Is Scotlands oil running out? Depends who you ask.

Regardless of how you perceive the relevance of oil & gas as energy sources in a world where carbon emissions NEED to be reduced, sulfur & nitrogen oxides NEED to be avoided or lead and mercury particulate NEED to be eradicated - you will, at the end of this blog accept that oil & gas will NEED to be exploited virulently over the next 50 to 100 years if human civilization is to conduct its affairs peacefully. The insatiable hunger for human expansion & growth demands it.

Oil & Gas aren't just burned to produce heat in our boilers or to generate steam to drive electrical prime movers, they are used unavoidably in the production of plastics & polymers, circuitry, electronics, computer hardware, packaging and a lot more in between. Hydrocarbons are indispensable to our way of life & the sooner this is accepted, the better.
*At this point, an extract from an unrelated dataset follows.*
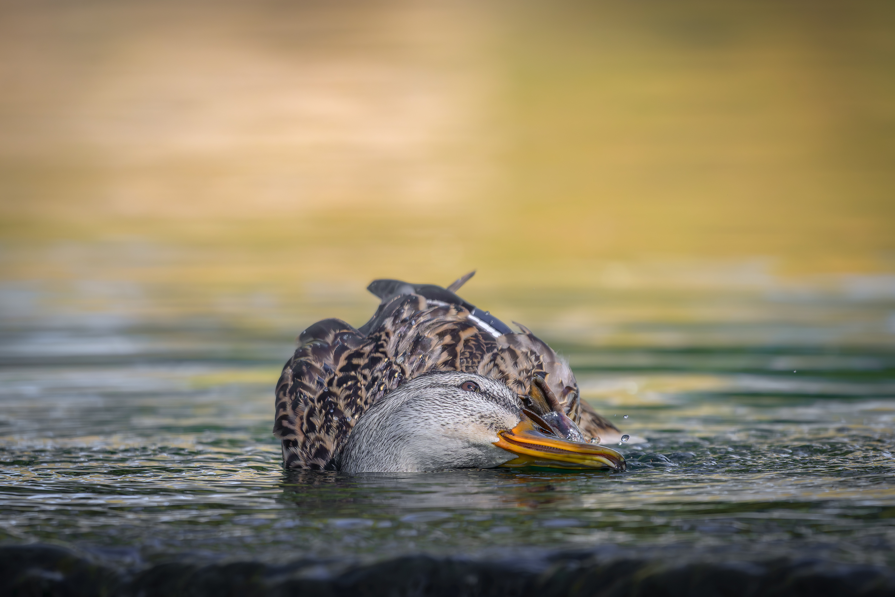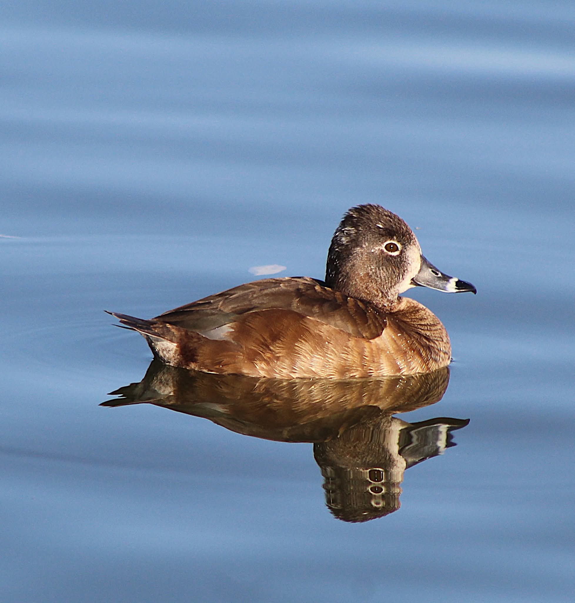 A female Ring Necked Duck is also reflected in the waters of the fishing lake at Pioneer Park in Peoria.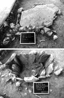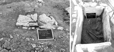 On a également découvert vingt-six tombes à ciste dont les dates s’échelonnent entre le BA II et le BR I. Leur taille varie selon le nombre d’inhumations ou l’âge des défunts ; ceux-ci étaient déposés en position fléchie, la tête souvent posée sur une pierre plate. La couverture des tombes consistait en une ou plusieurs dalles, tandis que les parois étaient en petites pierres plates de calcaire pour les dix-huit sépultures supposées plus anciennes (BA II-BM I ; fig. 2), ou en quatre dalles soignées de calcaire pour les huit autres, considérées plus récentes (BM II-BR I ; fig. 3). Seules deux de ces dernières ont livré du mobilier (un anneau en bronze, un vase, une fusaïole en argile, une perle en pierre).

Now, before you get up off your high horse and shout me down, understand one thing - I abhor any form of waste - energy used is energy saved and in terms efficacy equals morality, I'm prepared to be judged on how my take on Scotland's energy future pans out. For you to get the best out of this blog entry, I've divided it into categories as so:

1. How much UK Oil & Gas is left? (In established, Proven Reserves)
2. How much of Scotland's Share of the North Sea has been explored? (In geographic terms as per 2014)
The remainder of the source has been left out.